Not everyone agrees the sign-off issue is a big problem, however. Paula Maiden, director of financial services recruitment at Robert Walters, says there are still offers coming through: “It’s just that the process is slightly longer.

“At the end of the day, essential roles are still essential,” she says. “If it used to take a few weeks it now just takes a few more weeks.”

Headhunters’ money-making ruse

Spurred on, perhaps, by the fact that it can now take many, many months to get clearance for a single hire, The Times reports that some headhunters are resorting to desperate measures.

According to the paper, unscrupulous and unnamed search consultants are bombarding banks with CVs in a particular area (eg. Venezuelan bond salesmen) and demanding a fee when and if a name on the list is hired. Beats hanging around waiting for senior level approval.

Comments (5)

Comments
  1. i couldnt agree more. have been a victim of this myself.
    in my personal opinion, this will persist for some time to come, as not all the write-offs have been recoginised. In addition, have a look on bbg, SUBPRIME IS SET TO WORSEN!!

  2. I have never had any trouble placing a good candidate. It’s the mediocre ones who don’t get sign-off without a lot of work on my part.
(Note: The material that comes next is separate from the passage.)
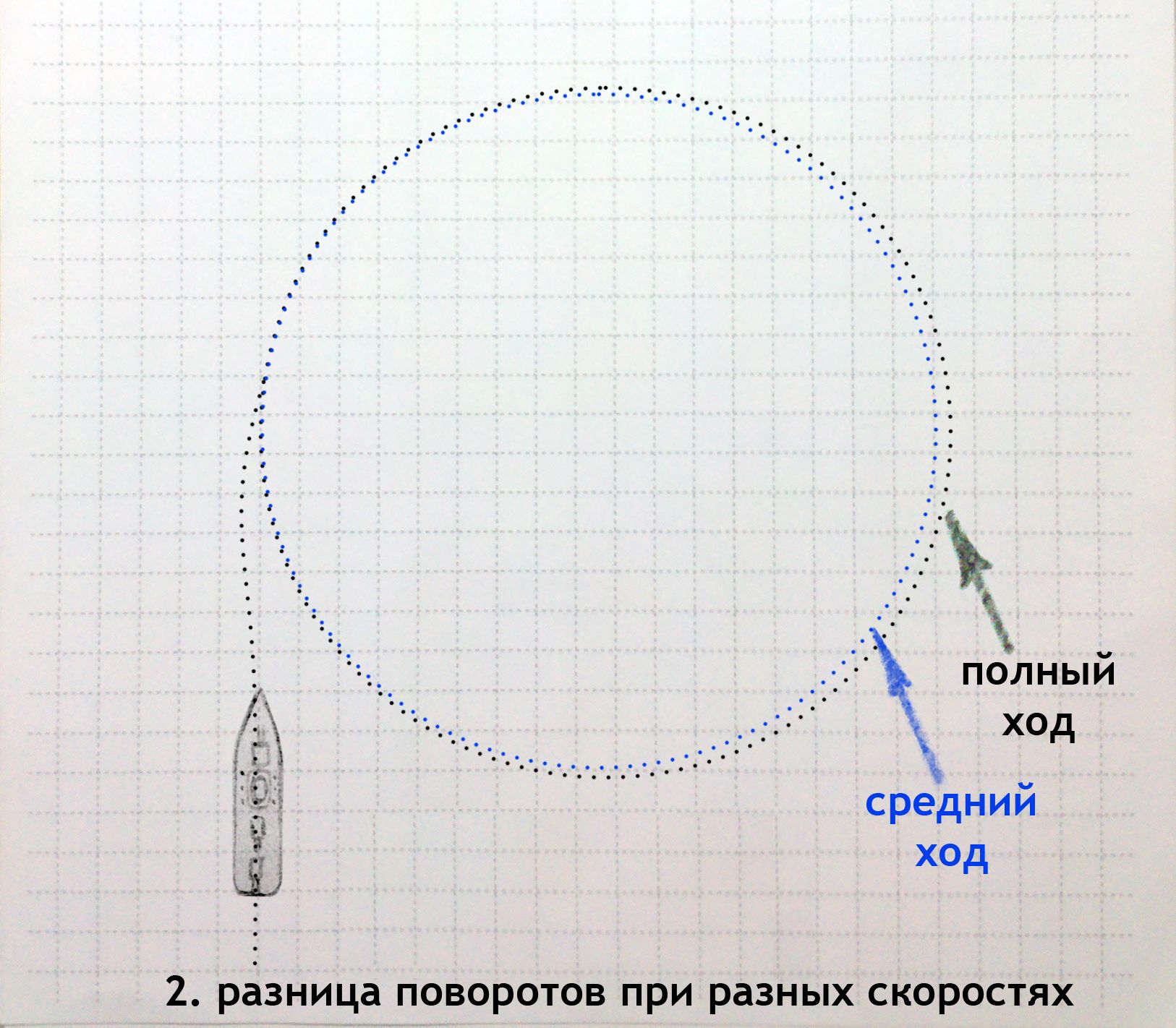 В реале там столько сил роль играет.. Если маленькая лодочка разворачивается быстрей с большей скоростью, то большой корабль уже испытывает сильную инерцию и его при увеличении скорости "вытаскивает", увеличивая циркуляцию..

And that means doing my job, rather than waiting for the client to pull his finger out. This isn’t brain surgery, folks.

  3. you mean you sign up mediocre candidates in the first place! what a shabby little outfit you must be !!
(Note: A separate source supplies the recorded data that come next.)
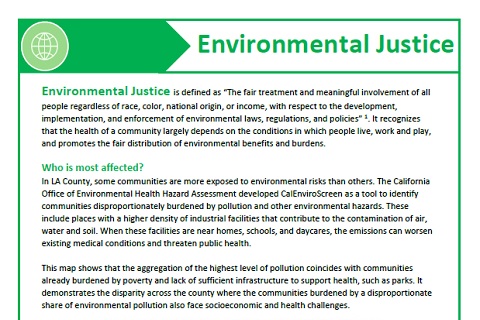 For more information on Los Angeles County's efforts to achieve environmental justice, please visit the Center for Health Equity website or see the Center for Health Equity Fact Sheet (English) | Hoja Informativa del Centro de Equidad en Salud (Español)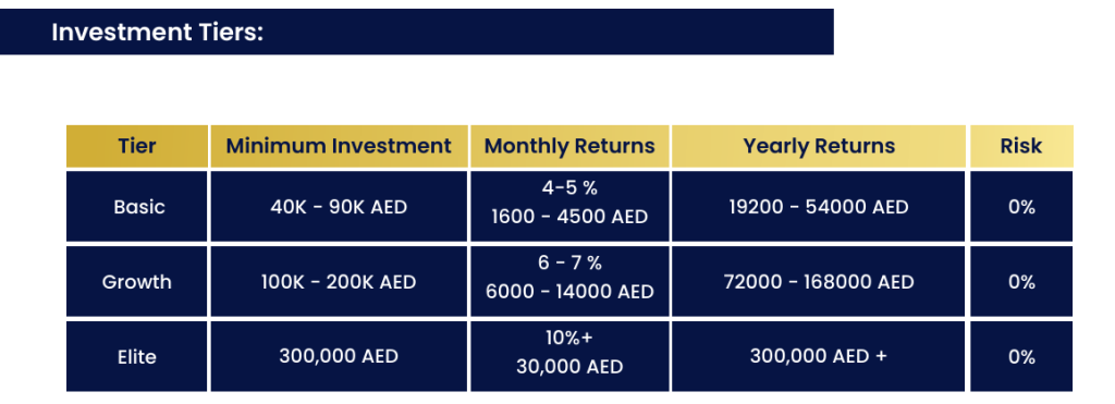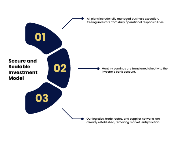 Each investment tier is crafted to deliver unmatched returns compared to traditional financial products, all while maintaining capital security. Investors receive timely reports, direct support from our Investment Desk, and flexible reinvestment options after each term. Our approach is straightforward: we grow while you earn.
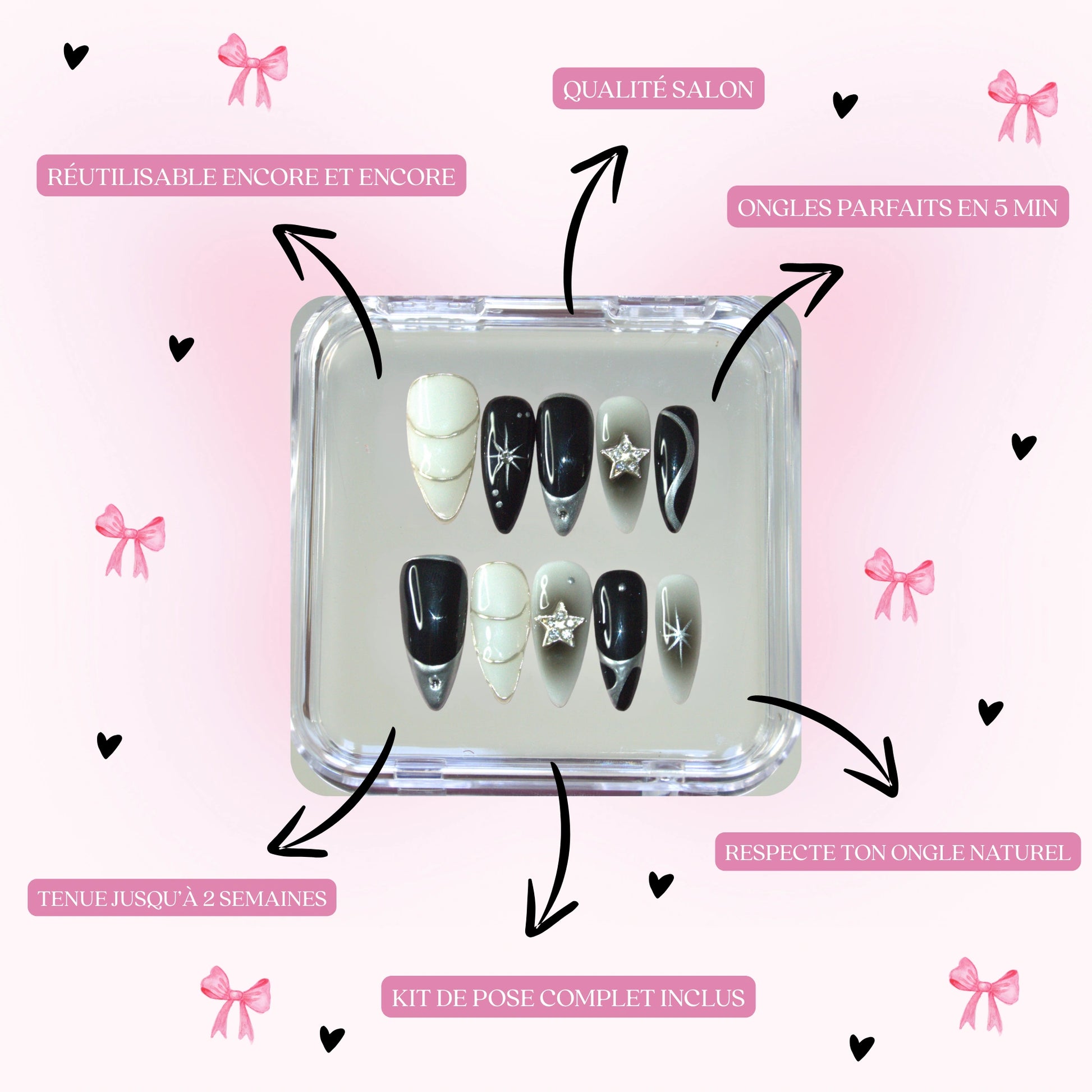 It depends on the method you choose: with gel pads, count 5 to 7 days: perfect for an event or everyday use. With glue, your false nails can last up to 14 days, depending on your daily routine. And the best part? You can take them off whenever you want and reuse them as much as you want, just peel them off carefully 🌸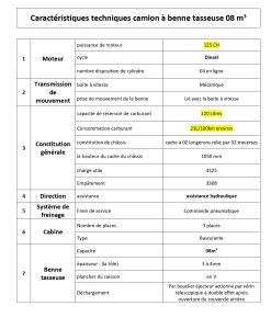 Capacité | 08M3 / 10M3 /12M3/ 14M3/ 16M3/ 18m3 |

  4. In my experience, Americans are poor managers, they manage from a cultural and geographical distance and then, they manage only by “the numbers”, excluding other essential elements of the business decision. Surely the best person to make the hiring decision is the hiring manager?
    I for one have made it clear to agents that I would prefer not to be put forward for US dominated organisations – their style of management is just too flaky. In the event that I am put forward for a US dominated house, I would only consider a premium offer. For the more stable European houses, I would consider a smaller package. For the flaky, micro managing Yanks, one has to build in an insurance policy.

    When you start pulling jobs from the market or introduce a “headcount freeze”, it sends very negative messages to the market that “good” as well as “mediocre” candidates receive, not to mention that clients will also get the message and reach their own conclusions.

  5. There are many shabby institutions out there…perfect fit…you may cover some yourself…hope you know it.